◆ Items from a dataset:
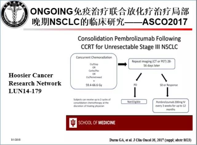 对于同步放化疗后的免疫治疗,无论是PACIFIC研究,还是霍西尔癌症研究网络LUN14-179均显示出了很好的治疗前景。
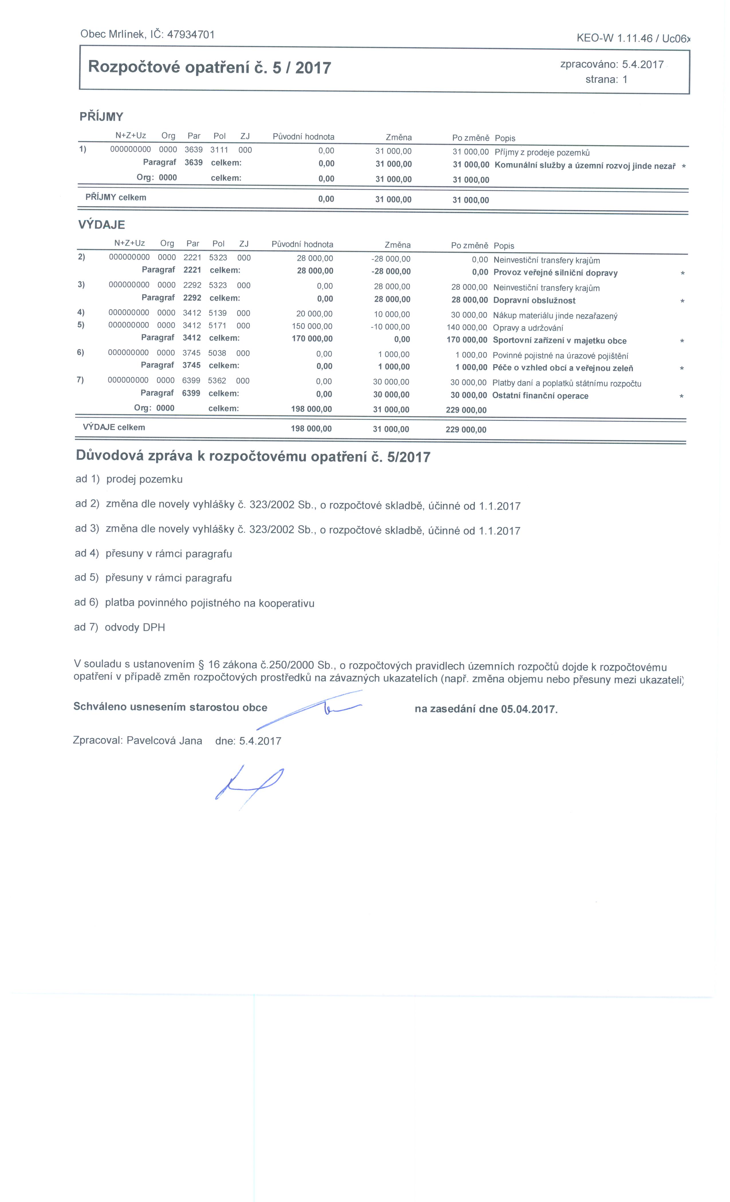 Rozpočtové opatření číslo 5
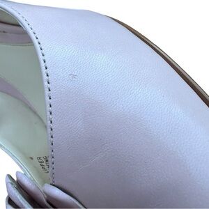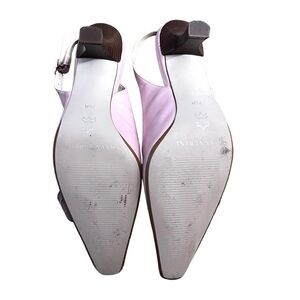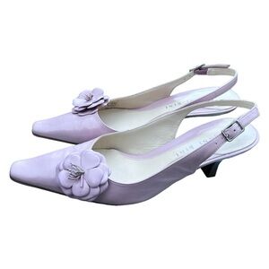 Elegant pink slingback heels. Floral embellishment on toe. Perfect for special occasions.
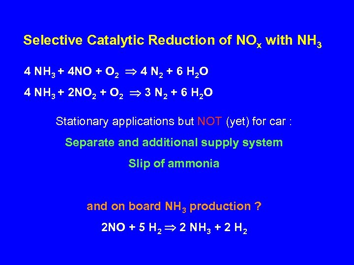 Selective Catalytic Reduction of NOx with NH 3 4 NH 3 + 4 NO + O 2 4 N 2 + 6 H 2 O 4 NH 3 + 2 NO 2 + O 2 3 N 2 + 6 H 2 O Stationary applications but NOT (yet) for car : Separate and additional supply system Slip of ammonia and on board NH 3 production ? 2 NO + 5 H 2 2 NH 3 + 2 H 2
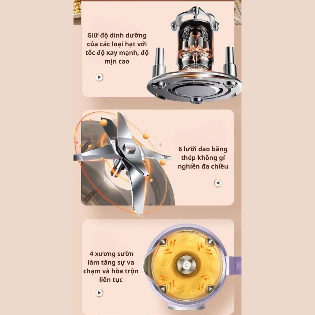 Lưỡi dao 6 lưỡi bằng inox 304 bền chắc: giúp xay nhuyễn mọi loại hạt nhanh chóng dù là có hay không ngâm giúp thành phẩm sữa thơm ngon và nhuyễn mịn hơn
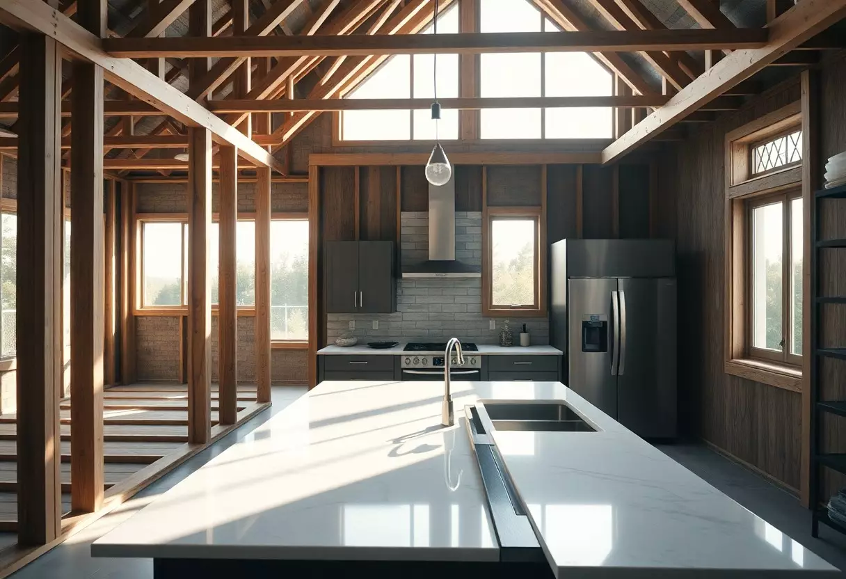 A: Cela fait référence à notre processus de transformation d’un espace vide, comme une construction inachevée ou un bâtiment ancien, en une maison complètement fonctionnelle et prête à être habitée. Cela inclut tous les aspects, de la planification à l’aménagement intérieur.
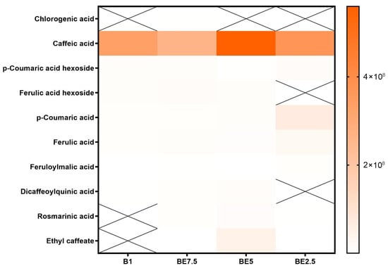 Caffeic acid is found in all four extracts and has the maximum intensity in BE5, followed by BE2.5 and B1, with the lowest signal in BE7.5, according to the heatmap of cinnamic acid derivatives (
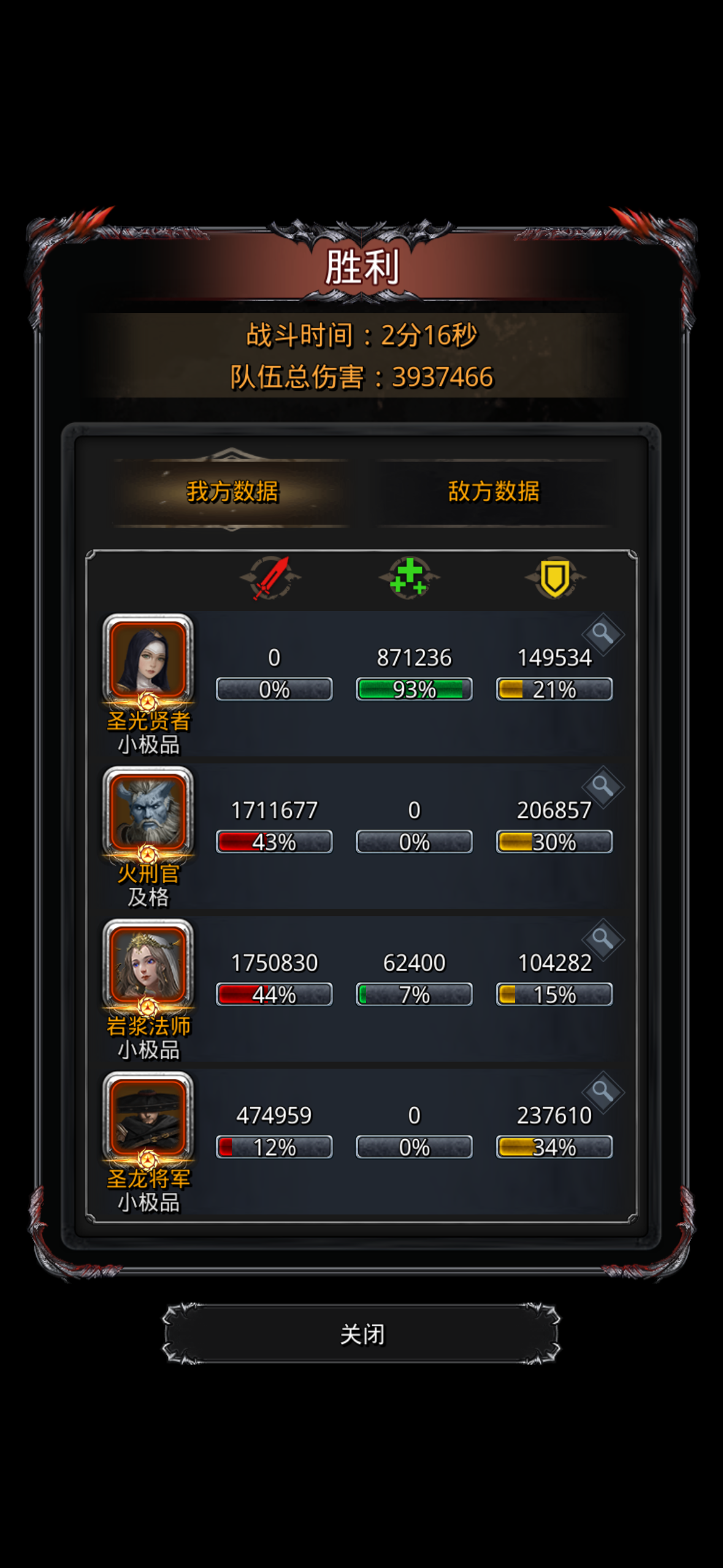 这游戏对萌新真不友好,看了许多攻略都不详细,首先三个奶的奶量至少300以上,技能CD至少有一个3.5秒,另外两个4秒以内,战术百百分之一奶队友真他全关。刺客血量最低,全速度装备,战术连击,其他的全关了。其次就是力量低了饿死在路上,所以我带了一个月阶的。
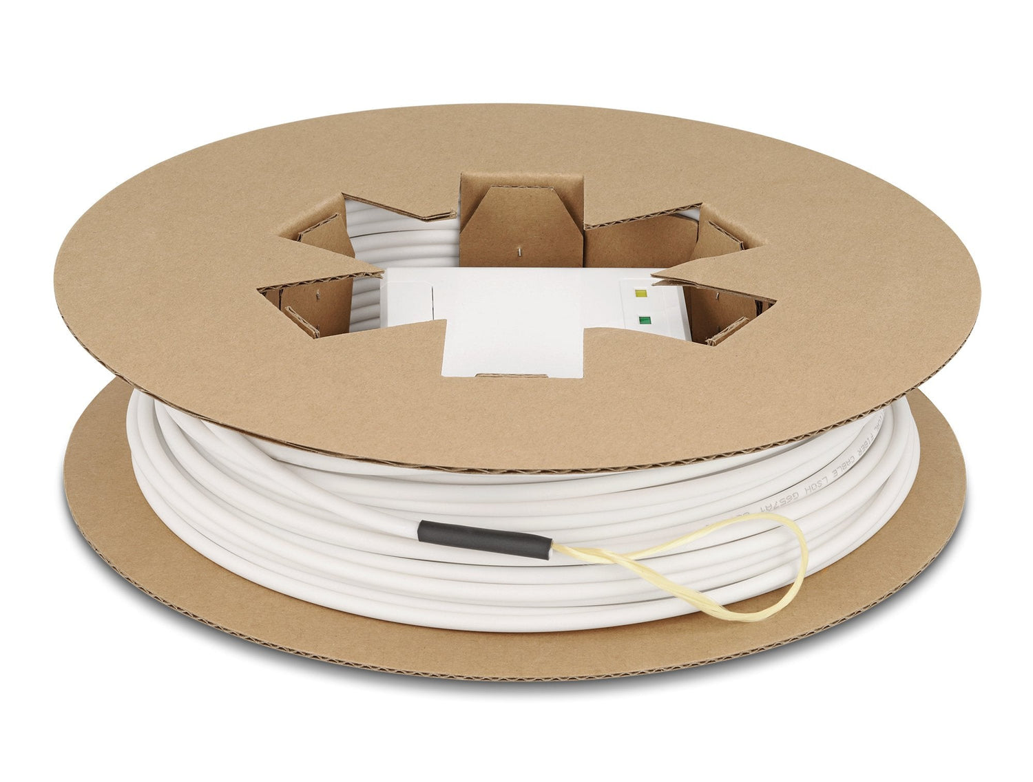 El cable de acometida está en una bobina en una caja de cartón y los cables ya están montados en la caja de conexiones. La caja de cartón cerrada permite sacar los cables fácilmente y colocarlos hasta el distribuidor de la casa.
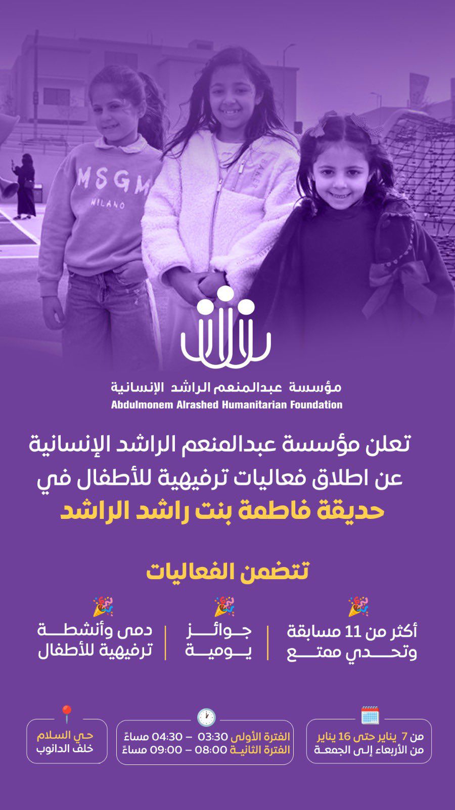 أعلنت مؤسسة عبدالمنعم الراشد الإنسانية عن إطلاق فعاليات ترفيهية مخصّصة للأطفال في حديقة ( فاطمة بنت راشد الراشد بالمبرز ) ، تشمل أكثر من 11 مسابقة وتحديًا ممتعًا، وجوائز يومية، وأنشطة ترفيهية متنوعة.
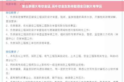 高中学生要取得全日制大专学历,顾名思义,全日制就是必须专门在高职大专的院校校脱产学习,读书,获得的文凭才叫全日制大专的毕业证。
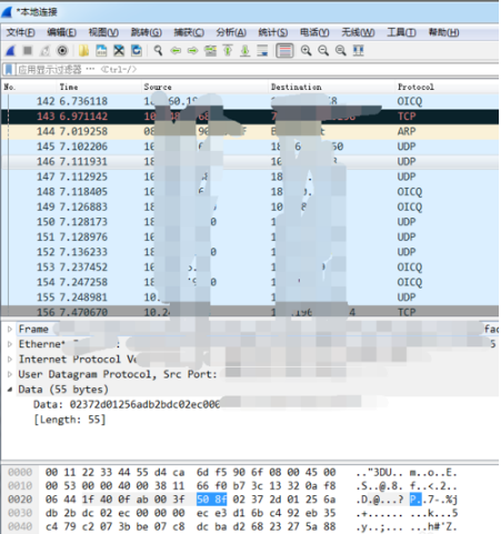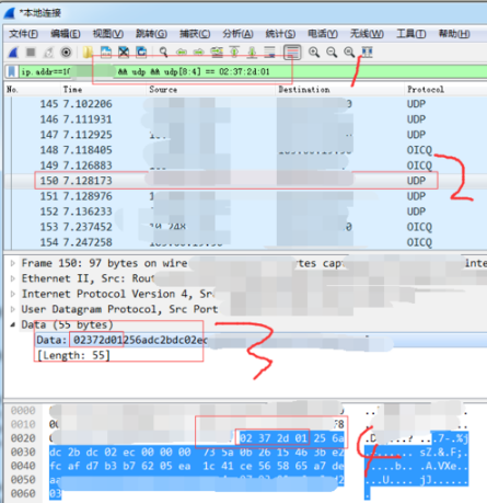 4、接下来小编将以udp包进行内容筛选,过滤地址:***** udp数据前个四字节要等于0x02:0x37:0x2d:0x01 的数据包。如:ip.addr==xx.xx.xx.xx && udp && udp[8:4] == 02:37:2d:01
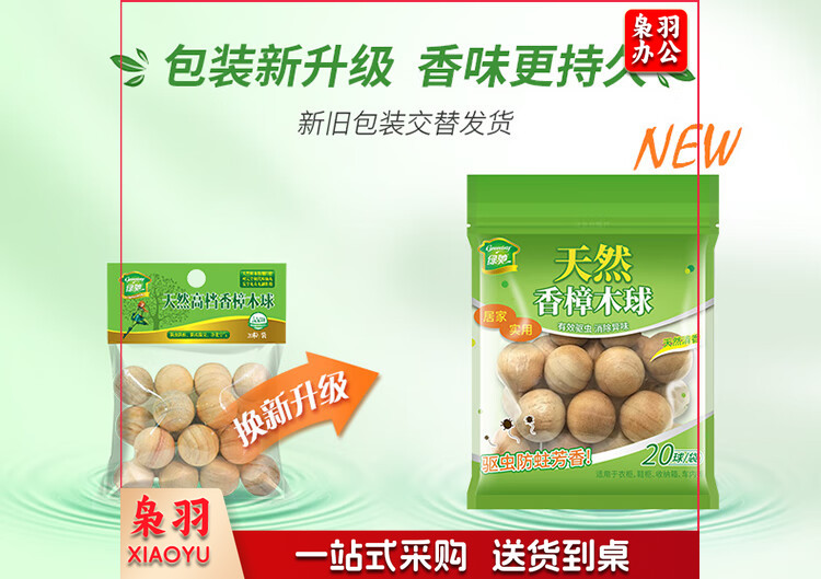 绿驰 天然香樟木球 除味驱虫防霉防蛀防潮块 替代樟脑丸 20粒/袋*1袋装
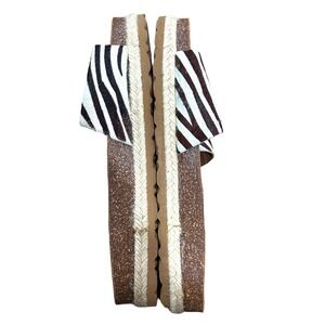 Yokono Womens Brown White Zebra Print Leather Calf Hair Slide Sandals Size 8
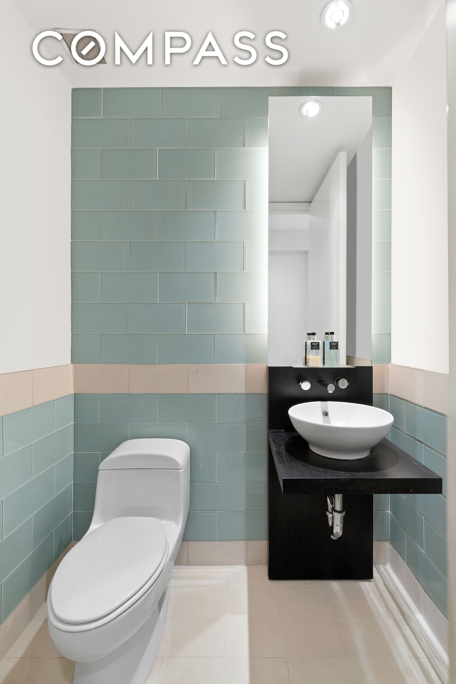 The primary suite is set apart and includes a five-fixture bathroom and a fully built-out walk-in dressing closet. The second bedroom has its own en-suite bath, and there is a powder room for guests.
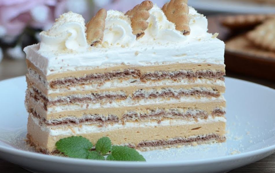 Ova šeherezada torta je dosta popularna, a opet je jednostavna za pripremu i ne peče se. Ovdje možete vidjeti da sam složila četiri reda, ukoliko želite višlju tortu možete složiti i pet redova.
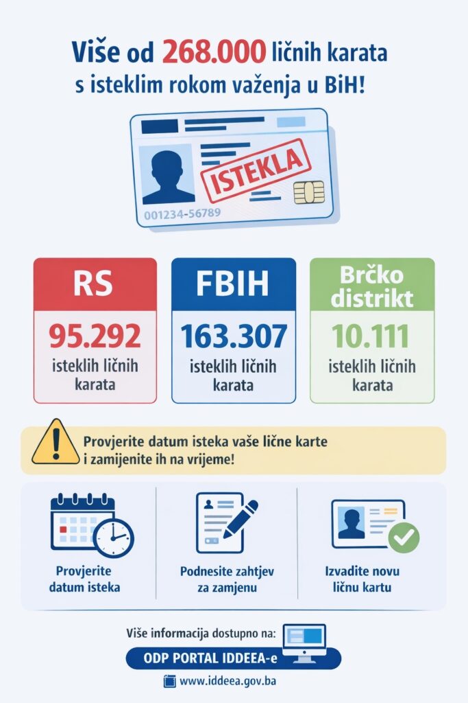 Prema podacima ove institucije, najveći broj ličnih karata kojima je istekao rok važenja zabilježen je u Federaciji BiH, gdje ih je evidentirano 163.307. U Republici Srpskoj taj broj iznosi 95.292, dok je u Brčko distriktu BiH registrovano 10.111 ličnih karata sa isteklim rokom važenja.
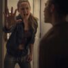 ? Wardrobe: She is wearing a high-necked, long-sleeved turtleneck sweater in a bright, solid cyan blue color (#00 SHOT:
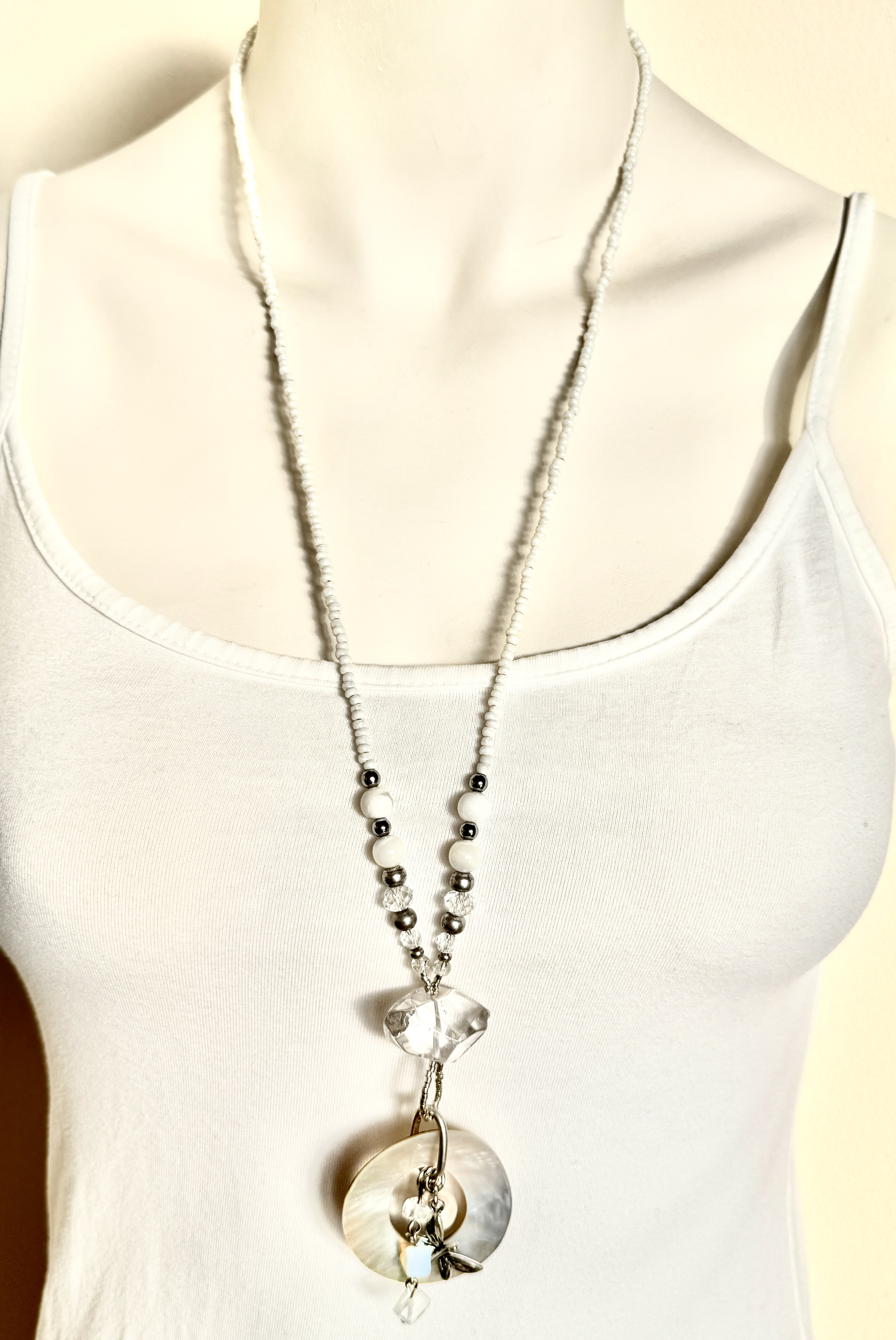 Long Fiva necklace, white seed beads with a beautiful rock-crystal, as well as a pendant of... more

◆ TASK ITEM:
Reproduce only the lines running from the beginning of the entries above to the line holding "Elegant pink slingback", inclusive. Pictures stay out of the copy.

◆ WRITTEN ANSWER:
 对于同步放化疗后的免疫治疗,无论是PACIFIC研究,还是霍西尔癌症研究网络LUN14-179均显示出了很好的治疗前景。
 Rozpočtové opatření číslo 5
 Elegant pink slingback heels. Floral embellishment on toe. Perfect for special occasions.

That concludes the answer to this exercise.